Hubert : Je ne suis pas convaincu que ce qu’on propose fournira beaucoup plus d’emplois dans le futur que le chômage tel qu’on connaît aujourd’hui sera rapidement une vieille histoire et que donc partager le travail comme ça l’a été fait précédemment n’est pas la solution pour faire face à l’urgence climatique.

Pierre : Heu… en un mot. Il y a eu beaucoup d’interventions contre, donc avec mon intervention je dois répondre à tout. Je pense qu’il faut partir d’un principe simple : ce n’est pas les droits humains et sociaux qu’on doit adapter à l’économie, c’est l’économie qu’on doit adapter aux droits humains et sociaux. La réduction du temps de travail est une bonne mesure à mon avis. Certains argumentent en disant ça va être difficile et dur pour les entreprises de passer le cap. Je voudrais rappeler quelques éléments. L’existence d’un volant de chômage important est due au fait qu’il y a des gains de productivité qui ont été réalisés depuis dix ans, depuis les 35 heures quoi. Des gains de productivité importants ont été réalisés depuis dix ans. Ces gains de productivité aboutissent au fait qu’avec moins de travail on consomme autant. Donc il ne s’agit pas de consommer davantage, mais il s’agit de faire moins de travail pour consommer autant.

Bon, donc avec moins de travail on consomme autant. Pendant dix années, les gains de productivité augmentent. Donc normalement la réduction de temps de travail devrait se faire minute par minute, année par année et non pas au bout de dix ans. Parce qu’au bout de dix ans la réduction nécessaire a grossi énormément et on doit la faire brutalement. Pourquoi on doit la faire brutalement ? Parce que pendant les dix ans écoulés le patronat s’est gavé. Et puis il a profité des gains de productivité sans les redistribuer en salaire ou en réduction de temps de travail.

Guy : Oui donc ce que je voudrais simplement dire comme argument qui à ma connaissance n’a pas été évoqué jusqu’à présent c’est que moi je suis convaincu que ça aura une incidence importante qu’on le veuille ou non sur les salaires et donc automatiquement sur le financement de la protection sociale en général. Demain, comment financer le chômage, la maladie, les retraites et après-demain la dépendance ?

Mélanie : Donc cette proposition comme tu l’as dit Sylvie non seulement elle fait pas consensus au sein des 150, mais même au sein [du groupe] « Produire et travailler » elle ne fait malheureusement pas du tout consensus.
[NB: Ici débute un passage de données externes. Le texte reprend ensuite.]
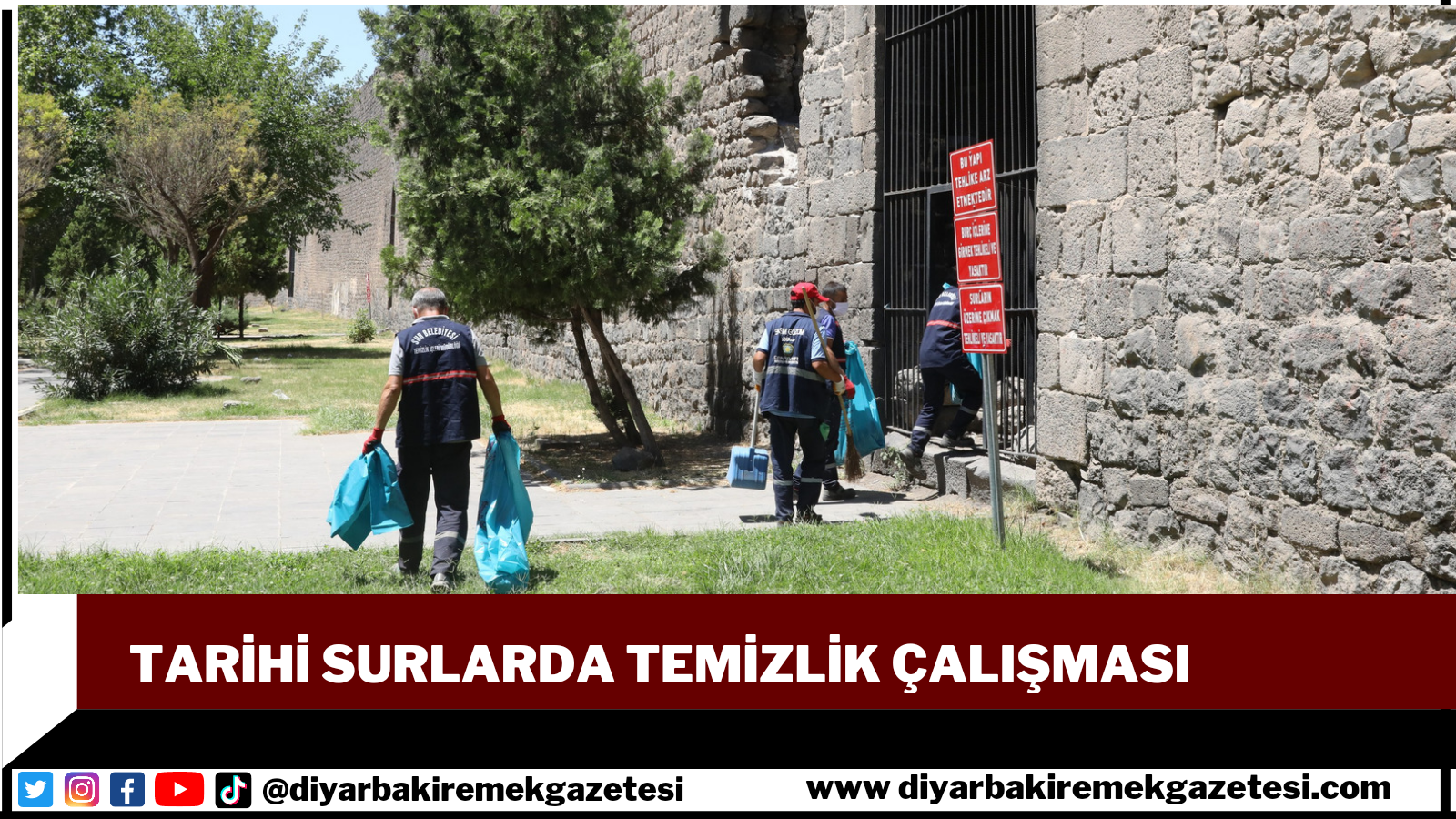 Çevre Koruma ve Kontrol Daire Başkanlığı, dünya mirası Surlarda Diyarbakırlıların, yerli ve yabancı turistlerin rahat ve hijyenik bir ortamda gezebilmesi için vatandaşların gerekli hassasiyeti göstererek atıkların gelişigüzel atılmaması konusunda uyardı.

Je trouve que cette proposition, elle est, mais totalement déconnectée de la réalité. Je sais pas dans quel secteur vous travaillez, mais… je sais pas si vous êtes touchés par la crise économique, mais c’est indéfendable dans le contexte actuel. Travailler 20 % de moins pour gagner 20 % de plus alors que notre réalité à nous en ce moment en tant que Français c’est de savoir si à la rentrée ou d’ici la fin de l’année on aura encore notre emploi en fait. Donc cette mesure elle discrédite totalement la Convention, elle discrédite nos travaux, elle discrédite la parole citoyenne qu’on essaye justement de promouvoir. C’est vraiment donner le bâton pour se faire battre. C’est servir sur un plateau la mesure en trop à nos détracteurs. Et ceux qui pensent qu’en votant cette mesure vous allez travailler 28 h, ne vous faites pas d’illusions, ce sera rejeté et ça aura juste discrédité notre convention au passage. Voilà. Donc j’invite tout le monde sincèrement à rejeter en bloc. Autant je valide la PT4, ce qui a été dit avant ok, mais la PT5 de grâce il faut la rejeter en bloc.
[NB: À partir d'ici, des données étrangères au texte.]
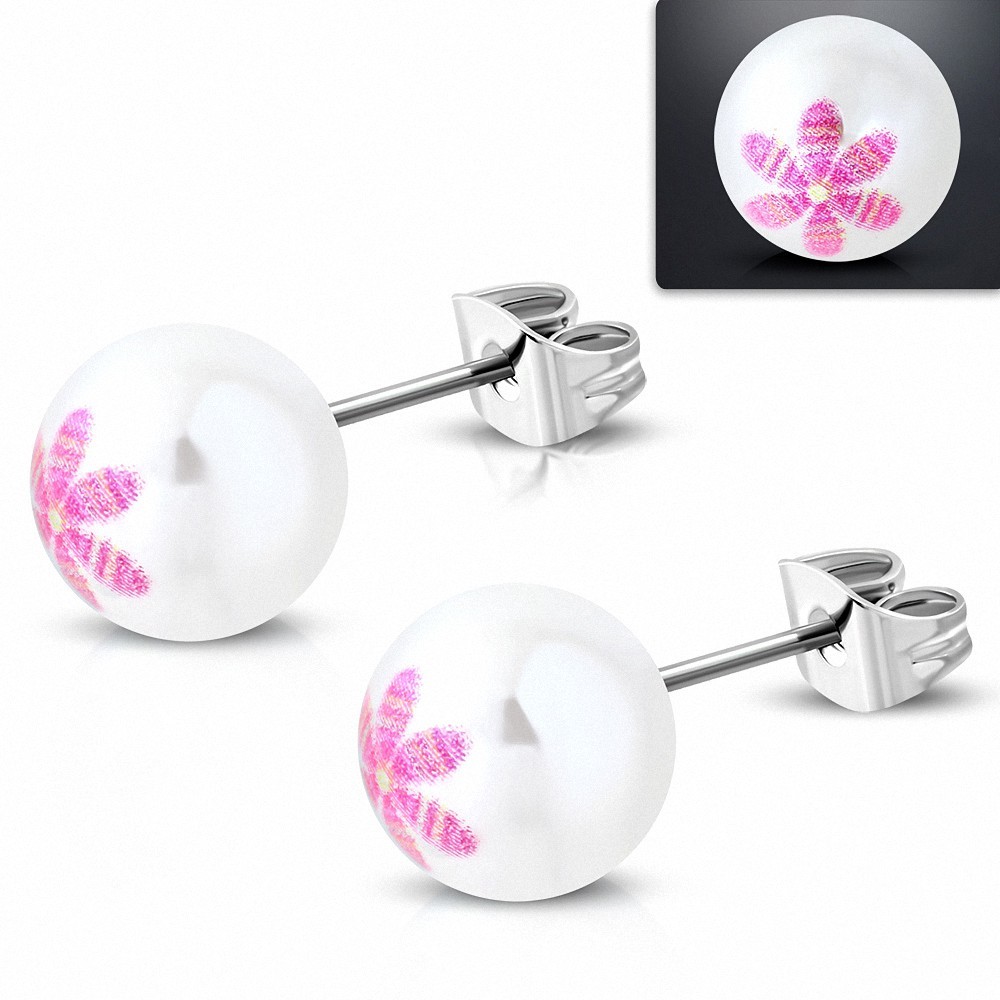 9.5mm | Boucles d'oreilles en acier inoxydable avec pendentif boule en perles blanches à 3 tons en acrylique blanc (paire)

Un participant : Oui. Oui, juste un petit plus. Actuellement M. Macron essaye de relocaliser des entreprises en France et je pense que ce n’est pas le moment de réduire le temps de travail si on veut que certaines entreprises décident de revenir fabriquer en France.
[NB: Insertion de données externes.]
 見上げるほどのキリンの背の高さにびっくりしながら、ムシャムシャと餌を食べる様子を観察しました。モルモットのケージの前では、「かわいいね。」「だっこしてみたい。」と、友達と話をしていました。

Une participante : Bon alors moi je vais peut-être être pas d’accord avec pas mal de gens, mais je pense que vous faites une erreur monumentale. Je pense que la réduction du temps de travail ça va être vraiment un thème qui va être central dans les années à venir pour notre société. Et je pense que là vous êtes à côté de la plaque. Je vous rappelle quand même que la France est l’un des pays qui a la plus grosse productivité, c’est-à-dire que nos salariés produisent énormément de richesses en une heure de travail. Et donc à un moment donné où on va arriver à 12 % de chômage et justement avec la crise il va falloir partager le travail et on ne pourra pas passer à côté. On peut pas avoir des gens qui vont travailler plus et qui vont gagner plus et avoir autant de chômeurs dans notre pays qui eux vont rien gagner. Et là c’est pas possible de voir les choses comme ça. Je pense que heu… Bruno Le Maire l’a même dit, c’est le travail pour tous. Le travail pour tous. Et ça, ça fait partie de la solidarité d’une société. D’autant plus que la révolution numérique va amplifier le chômage contrairement à ce qu’on peut penser. Elle l’a déjà fait dans les services publics où elle a supprimé énormément d’emplois. Le numérique a supprimé de l’emploi. Il va falloir aussi… si on veut réduire nos gaz à effet de serre, il va falloir aussi réduire la croissance et ça il faut l’entendre. Parce que la pollution, si on ne réduit pas la croissance, elle va augmenter. Donc je pense et aussi on va pouvoir libérer tout un tas de gens pour aller travailler pour avoir des projets de société, dans les associations, etc. Je pense que c’est central. Et une dernière chose, je voulais apporter mon soutien à la personne qui a porté le projet, c’est très courageux, et voilà je lui apporte tout mon soutien.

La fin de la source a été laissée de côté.